Non necessaria, è sufficiente l'acqua piovana che riceve durante l'anno.

potatura

Limitata all'eliminazione delle parti rinsecchite o danneggiate.

temperatura

E' resistente a brevi periodi di gelo.

rinvaso

E' una pianta da coltivare in piena terra.

substrato

Il terreno deve essere composto da terriccio comune, ben drenato, su un piccolo rialzo o su una sponda, in modo che possa assumere una forma allargata all'intorno.

propagazione

La moltiplicazione avviene dalle propaggini ottenute durante l'estate.

NOMENCLATURA

Ephedra distachya sottospecie fragilis D.
Ephedraceae (Gimnosperme gnetofite che comprendono il solo genere Ephedra).
Efedra fragile

DATI GENERICI

pieno sole

fiorita: primavera-estate

albero

Mite, mediterraneo.

Perenne.

media

Terreni rocciosi e zone cespugliose di tutta la zona mediterranea e Arabia.

CURIOSITA'

MEDICINA

Alcune piante, soprattutto le varietà esotiche, contengono l'efedrina: alcaloide estratto dall'Ephedra che, analogamente all'adrenalina, ha un effetto eccitante sul sistema nervoso centrale e stimolante su quello simpatico.
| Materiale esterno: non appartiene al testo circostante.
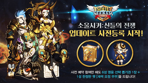 ÇÑÆí À̹ø ¡®½ÅµéÀÇ ÀüÀ ¾÷µ¥ÀÌÆ® »çÀüµî·ÏÀº ¿À´ÃºÎÅÍ ¾÷µ¥ÀÌÆ® ½ÃÀÛ Àü±îÁö »çÀüµî·Ï °ø½Ä ÆäÀÌÁö(http://event.withhive.com/soulcollector/evt_893/ko)¸¦ ÅëÇØ¼­ Âü¿©ÇÒ ¼ö ÀÖ´Ù. ½Å±Ô, ±âÁ¸ À¯Àú ¸ðµÎ Âü¿© °¡´ÉÇϸç, ¸ðµç »çÀüµî·Ï Âü¿©ÀÚ¿¡°Ô´Â 6¼º ¿µ¿õ ¼±Åà »Ì±â±Ç°ú ÇÑÁ¤ÆÇ Æê µîÀÌ ¹«·á·Î Áö±ÞµÈ´Ù.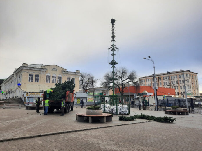 Как пишет издание со ссылкой на своего читателя, установка елки возле Центрального рынка на площади Соборной идет полным ходом. Кстати, на входе в рынок со стороны Буденновского праздничная ель уже установлена.

A differenza dell'adrenalina, però, è caratterizzata da un'azione molto più energica e protratta nel tempo, pur essendo somministrabile per via orale. Viene usata in medicina per la cura dell'asma e di alcune malattie cardiovascolari; in oculistica è inoltre utilizzata per provocare la dilatazione della pupilla. L'efedrina può anche essere prodotta sinteticamente.